We've all heard about the two children who drowned in the Grande Ronde River last week. What we haven't heard, at least officially, is whether or not the victims were wearing PFDs, although witnesses have said they were not. 

The authorities owe it to the boating community to provide the full details, because we need to know. It reflects on the way we do things on our trips, and it reflects on the way people look at our sport.

Nobody wants to add to the pain the family is already going through. But think about it. The facts are neutral. The facts are simply what happened. 

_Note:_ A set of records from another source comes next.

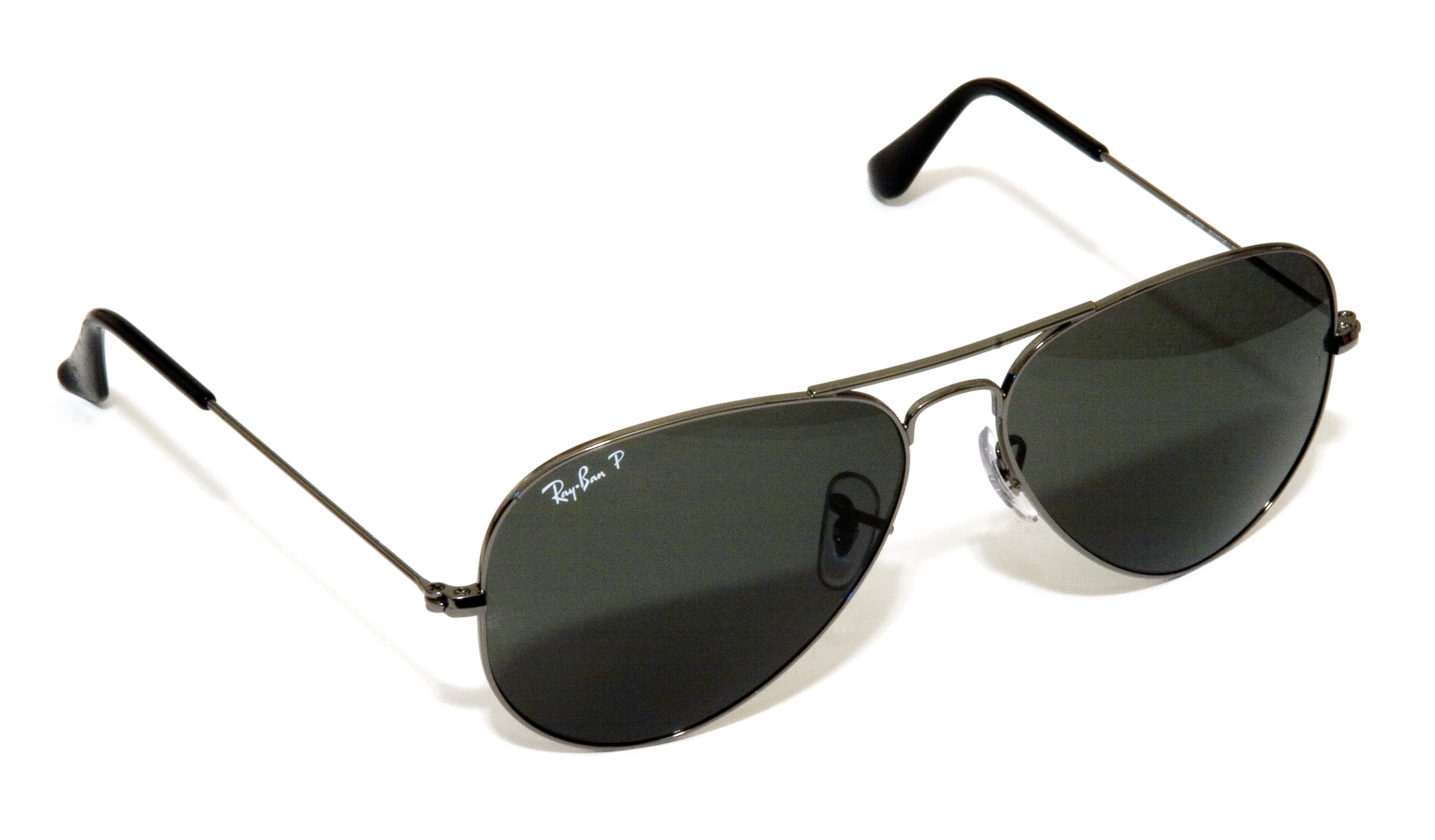 Ray-Ban Aviator sunglasses model RB3025 004/58. It features skull-type temples that hook over the ears.
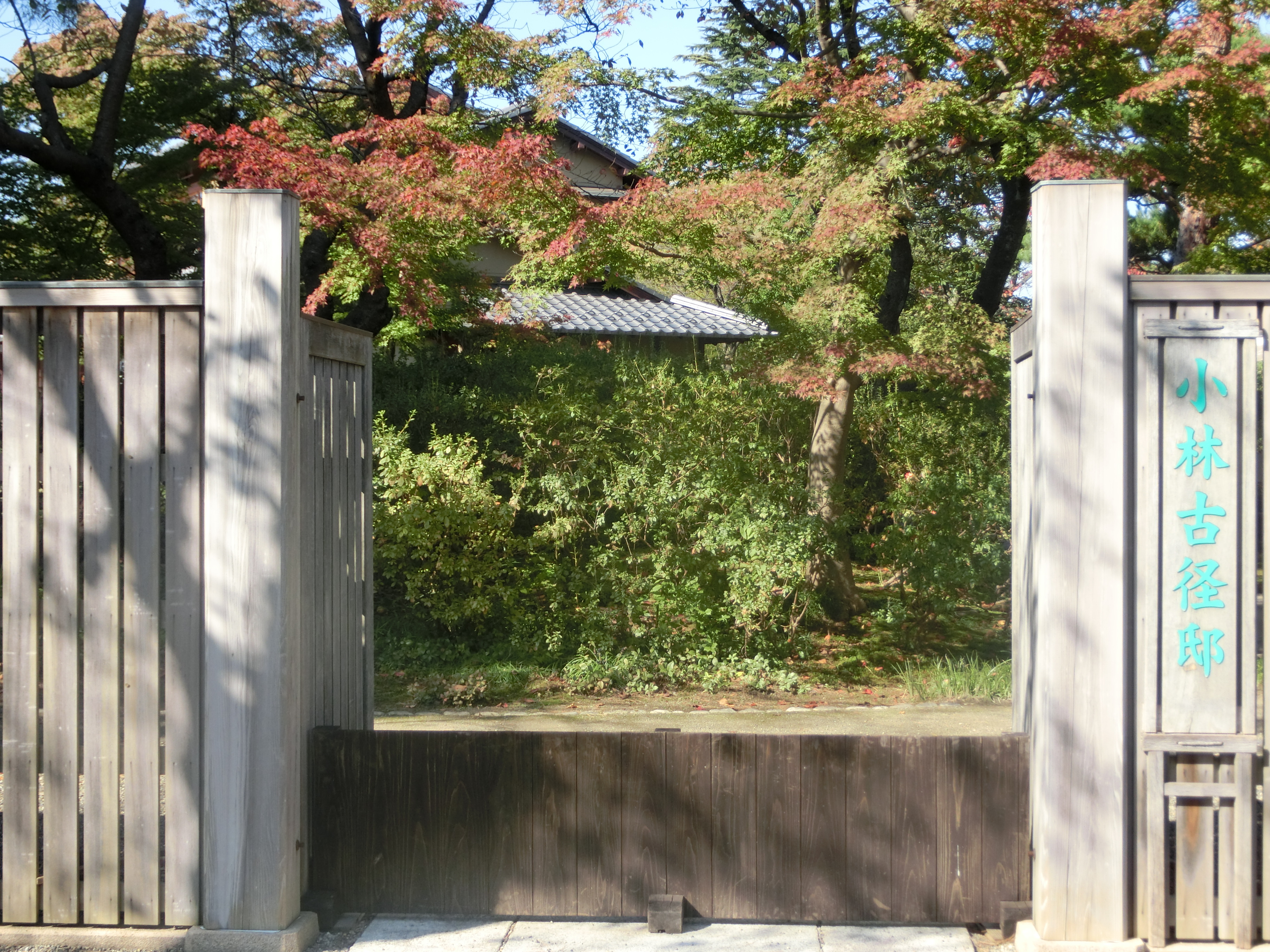 Entrance to Kobayashi Kokei House
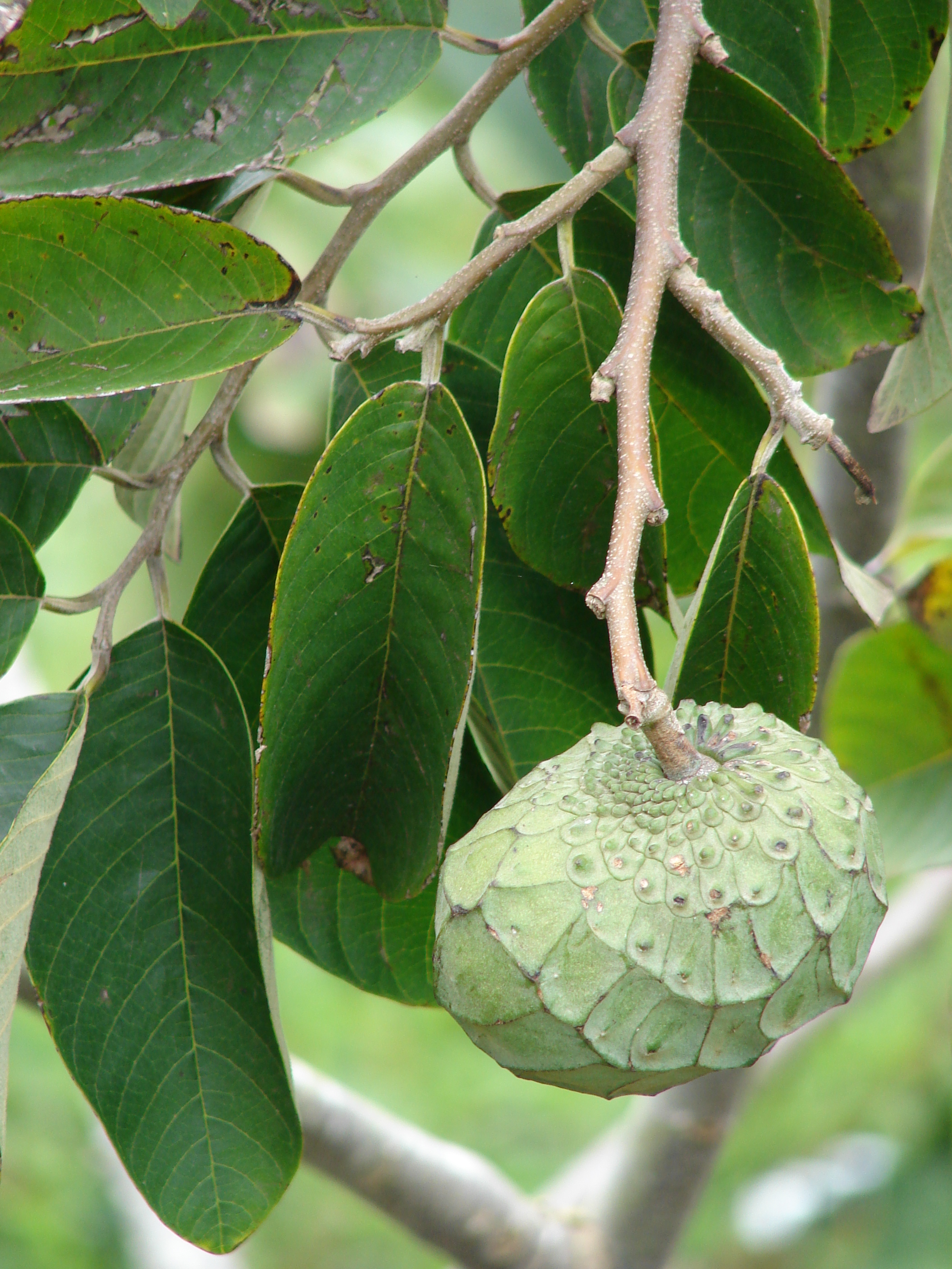 Annona cherimola (fruit). Location: Maui, Keokea

Sure, the Menendez brothers are orphans. And the father of the Grande Ronde victims feels terrible. But neither of those things are the point. The point is what what they did.

For all of you in other states, Oregon does have a law that requires all children up to age 12 to wear an approved, properly fitted and fastened PFD in any open boat on any body of water. If these boys were not wearing PFDs, the responsible adult has violated the law.


----------



## mikepart (Jul 7, 2009)

Someone already has said it. Over on the thread dedicated to this tragedy. You know, the one where you posted a link yesterday to AW with the answer to your own question.


If these kids were not wearing PFDs or thermal gear (and it sounds like they were not), then I don't think there is any debate as to whether the father was taking an unacceptable level of risk with his children. 



That being said, I can't imagine what that man is going through right now. In fact, just trying to imagine it chokes me up a bit, and not having been there in his shoes, I am not prepared to pass judgement on him.


----------



## wshutt (Jun 20, 2013)

I think many of us are struggling with this. No, I can't imagine what the father must be going through; it is sad beyond belief. Would've, should've, could've won't change anything there. 

What I will say is that it is upon all of us to educate and encourage safety precautions especially when it comes to the little guys. I will risk being called a B^&*h and being shouted out to mind my own business but I will not be silent if I witness risky behavior and I encourage everyone to do likewise - the sport and our consciences need it. 

Currently I'm packing for a trip with the now no-longer-so-littles in our group and getting the chills thinking about the tragedy.


----------



## jakebrown98 (Mar 4, 2008)

I've been checking the thread and AW hoping for any kind of update while realizing I'll probably not get it. 

We actually took out at the bridge the morning this accident happened. At the time I was disappointed we hadn't stayed one more night as we had the food and time. But if we had stayed we would have had contact with some of the affected people and I'm really glad my own children did not see that. 

My wife and I heard this news several days after the fact, here on the Buzz and spent a good deal of time talking it though. We don't want to be arrogant but we also have to believe that we aren't unduly wagering our childrens' lives when we head out to do what we and they love. 

I want to know if those poor boys had on well fitted PFDs. I need context during this reassessment. Please, if there are any witnesses in this community, share what you can with the rest of us.


----------



## markhusbands (Aug 17, 2015)

jakebrown98 said:


> We...have to believe that we aren't unduly wagering our childrens' lives when we head out to do what we and they love.
> 
> I want to know if those poor boys had on well fitted PFDs. I need context during this reassessment.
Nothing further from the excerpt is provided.